Sweep dreams: Minot Airmen build camaraderie and resilience through curling

Apr 4, 2024
Written by: Airman 1st Class Kyle Wilson, 5th Bomb Wing Public Affairs
U.S. Air Force Col. Kenneth McGhee, 91st Missile Wing commander (center), and members of the Minot Air Force Base curling league pose for a photo at the Minot Curling Club, Minot, North Dakota, March 19, 2024. McGhee attended the Minot AFB Curling League’s championship game and presented medals to the teams competing. U.S. Air Force photo I Airman 1st Class Kyle Wilson

MINOT AIR FORCE BASE, N.D. —  

On a cool March evening in Minot, an assortment of sounds can be heard within the walls of the Minot Curling Club. Shouts roar through the air; “sweep, sweep, sweep!” The swishing of strenuously swept brooms moves across a frozen, icy surface. The thunderous knock of two stones crashing together echoes out; this inspires cheers from one group, and subtle sighs from another. These are the sounds of the Minot AFB Curling League championship game.

In 2019, a group of Airmen from Minot AFB decided to try their hand at the sport of curling. This led them to the Minot Curling Club. Established in 1905, the Minot Curling Club has been hosting competitive curling events for the local community ever since.

“My supervisor called me and said, ‘Hey, I found this curling club in town and I’ve always watched [the sport] in the Olympics, do you wanna give it a go?’” said Tech. Sgt. Levi Janssen, 91st Missile Maintenance Squadron critical task supervisor. “Sure enough, we put together a team and just started curling.”

For the the 2019 and 2020 seasons, Janssen and his teammates played in one of the Minot Curling Club’s leagues. As the 2021 season was approaching, in partnership with the Minot Curling Club, they decided to form a league of their own: the Minot AFB Curling League.

With each passing season, the Minot AFB Curling League has attracted new players and the Airmen participating say they hope the league will continue to grow.  U.S. Air Force 1st Lt.

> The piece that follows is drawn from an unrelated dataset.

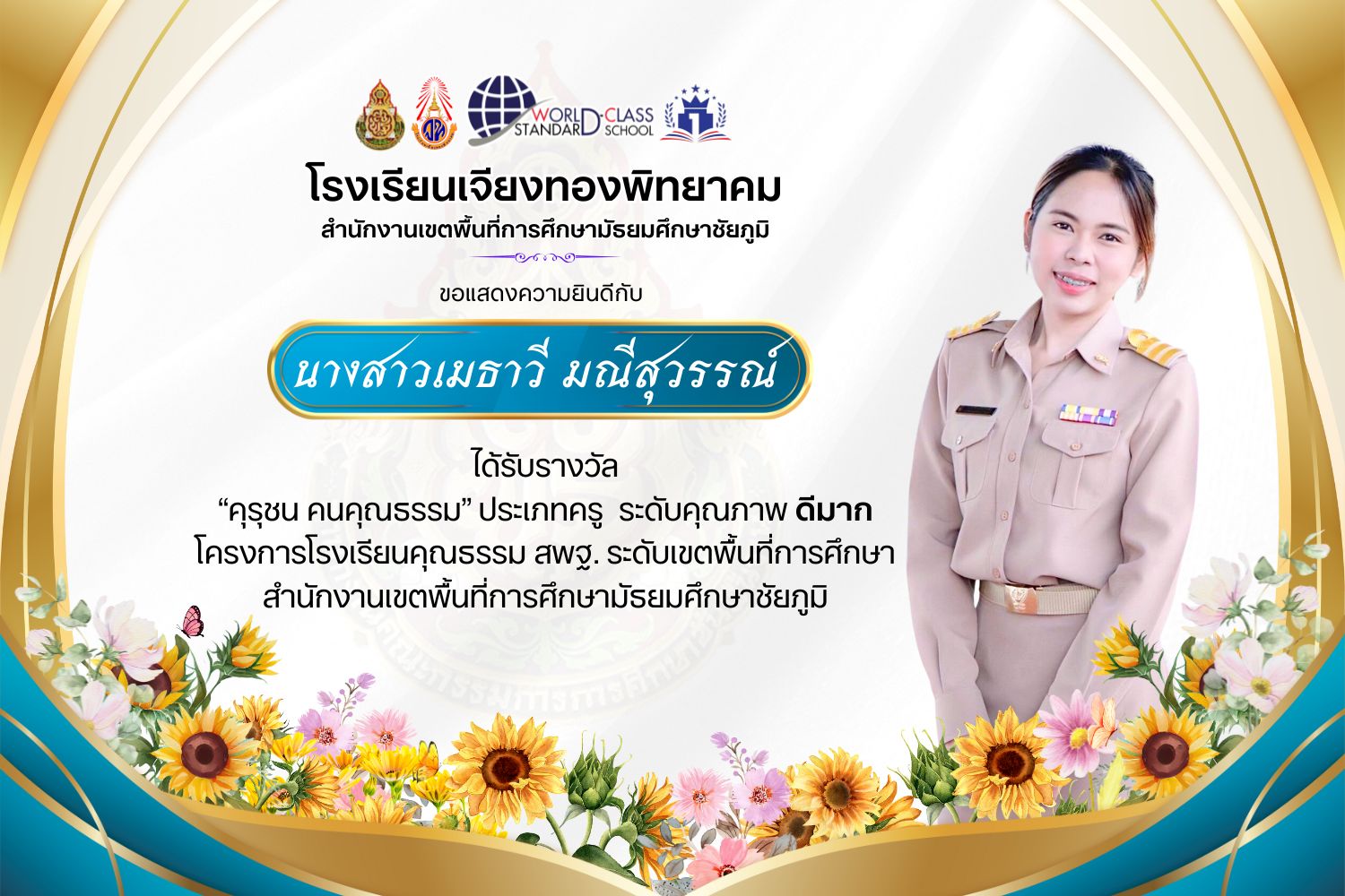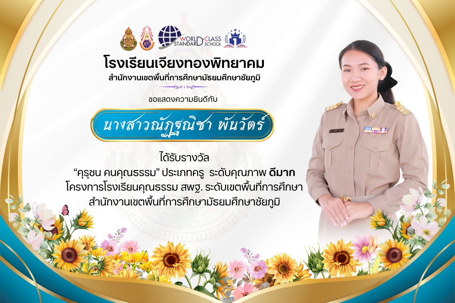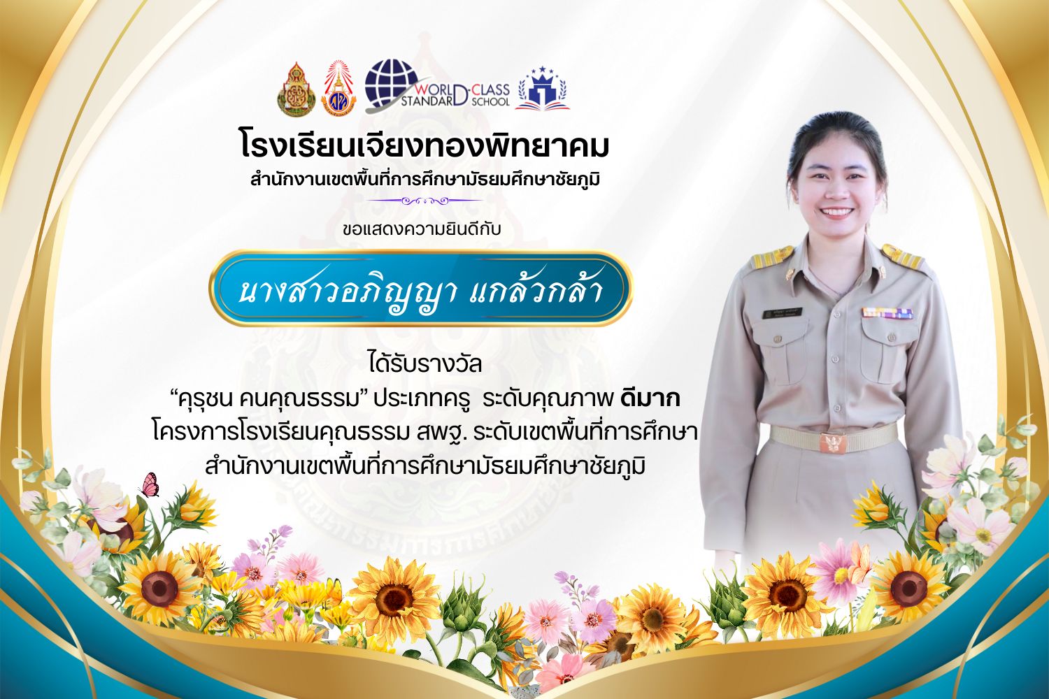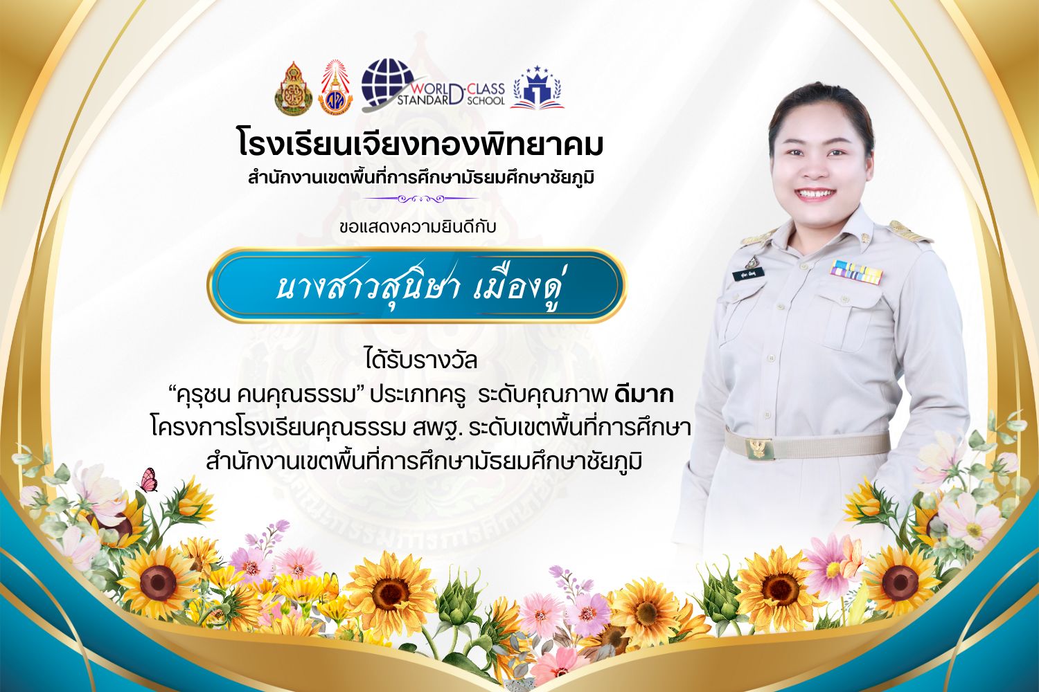 โรงเรียนเจียงทองพิทยาคม ขอแสดงความยินดีกับคณะครู ที่ได้รับรางวัล“คุรุชน คนคุณธรรม” ประเภทครู ระดับคุณภาพ ดีเยี่ยมและดีมาก โครงการโรงเรียนคุณธรรม สพฐ. ระดับเขตพื้นที่การศึกษา สำนักงานเขตพื้นที่การศึกษามัธยมศึกษาชัยภูมิ

Alexander Mathews, 740th Missile Squadron mission lead commander, is one such newcomer to the league for the 2024 season.

“This is my first year in the league; I kind of threw together a hodgepodge team of Airmen and we started curling,” said Mathews. “I think this a good program because it helps you get closer to your fellow Airmen and it’s a fun way to relieve stress.”

As with any team sport, curling requires a substantial amount of teamwork and fosters camaraderie among teammates. Janssen says playing in the curling league enhances these qualities in the Airmen who participate as well.

“You heard some of the shouting and yelling going on during the game,” said Janssen. “There’s so much communication going on out there, you’ve really gotta listen to the calls being made and be a team player.”

According to Mathews, finding activities to engage in during the winter at Minot AFB may be a challenge for some Airmen. He says the Minot AFB Curling Club is a great option for those looking for something fun to do in their free time.

“I think it builds resilience and helps Airmen get their mind off the cold of Minot. A lot of people may get up here and think there’s not a lot to do; well, this is something you can do,” said Mathews. 

Janssen added, “It breaks us out of those winter blues and gets us out here competing and having fun; it’s a great way to close out winter and get a jump start heading into spring.”

As the Minot AFB Curling League’s 2024 season came to a close, the Sweep Dreams and the Lobstahs curling teams took to the ice one last time. In a hard fought match, Sweep Dreams came out on top against the Lobstahs in the championship game with a final score of 7-3. Afterwards, with camaraderie on full display, competitors from both teams came together and exchanged high fives; celebrating the season and looking forward to what next year’s will bring.


Members of the Minot AFB Curling League compete in their championship match at the Minot Curling Club, Minot, North Dakota, March 19, 2024. The Minot AFB Curling League’s season began in January and concluded in March, lasting a total of 10 weeks.